* [WHAT YOU HAVE TO DO]: The lines in the listing below are to be given again exactly, starting at the line holding "3D illustration of" and ending at the line holding "Ginecológicos y obstétricos: menarquia". Do not include pictures.

* [MATERIAL PROVIDED]:
+++

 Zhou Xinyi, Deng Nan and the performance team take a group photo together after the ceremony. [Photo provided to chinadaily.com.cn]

+++

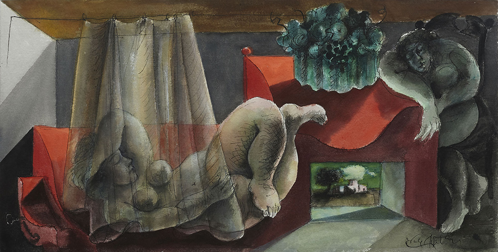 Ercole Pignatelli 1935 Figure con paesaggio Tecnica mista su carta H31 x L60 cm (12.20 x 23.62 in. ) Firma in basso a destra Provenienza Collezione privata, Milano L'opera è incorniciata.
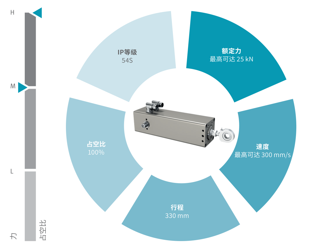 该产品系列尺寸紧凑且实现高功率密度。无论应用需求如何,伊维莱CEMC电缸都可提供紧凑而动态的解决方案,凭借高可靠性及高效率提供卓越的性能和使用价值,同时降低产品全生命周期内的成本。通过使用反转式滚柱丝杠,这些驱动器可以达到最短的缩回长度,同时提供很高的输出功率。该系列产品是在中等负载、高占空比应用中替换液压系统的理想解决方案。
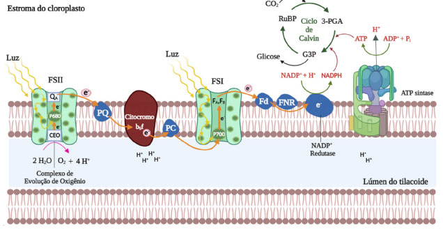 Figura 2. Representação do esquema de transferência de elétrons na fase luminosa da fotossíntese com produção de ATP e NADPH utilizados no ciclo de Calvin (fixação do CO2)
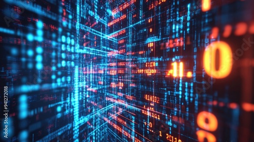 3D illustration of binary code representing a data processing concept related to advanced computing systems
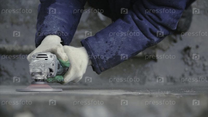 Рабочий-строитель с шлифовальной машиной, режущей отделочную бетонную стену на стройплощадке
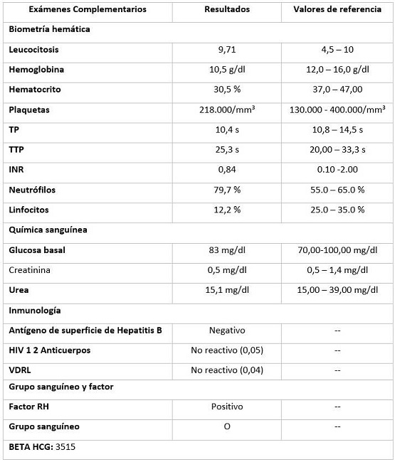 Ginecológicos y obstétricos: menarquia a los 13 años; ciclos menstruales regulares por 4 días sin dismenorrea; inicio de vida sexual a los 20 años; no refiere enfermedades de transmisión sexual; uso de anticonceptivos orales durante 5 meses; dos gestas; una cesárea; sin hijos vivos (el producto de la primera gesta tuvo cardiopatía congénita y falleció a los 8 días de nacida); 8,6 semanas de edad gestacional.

+++

* [WORKED SOLUTION]:
 3D illustration of binary code representing a data processing concept related to advanced computing systems
 Рабочий-строитель с шлифовальной машиной, режущей отделочную бетонную стену на стройплощадке
 Ginecológicos y obstétricos: menarquia a los 13 años; ciclos menstruales regulares por 4 días sin dismenorrea; inicio de vida sexual a los 20 años; no refiere enfermedades de transmisión sexual; uso de anticonceptivos orales durante 5 meses; dos gestas; una cesárea; sin hijos vivos (el producto de la primera gesta tuvo cardiopatía congénita y falleció a los 8 días de nacida); 8,6 semanas de edad gestacional.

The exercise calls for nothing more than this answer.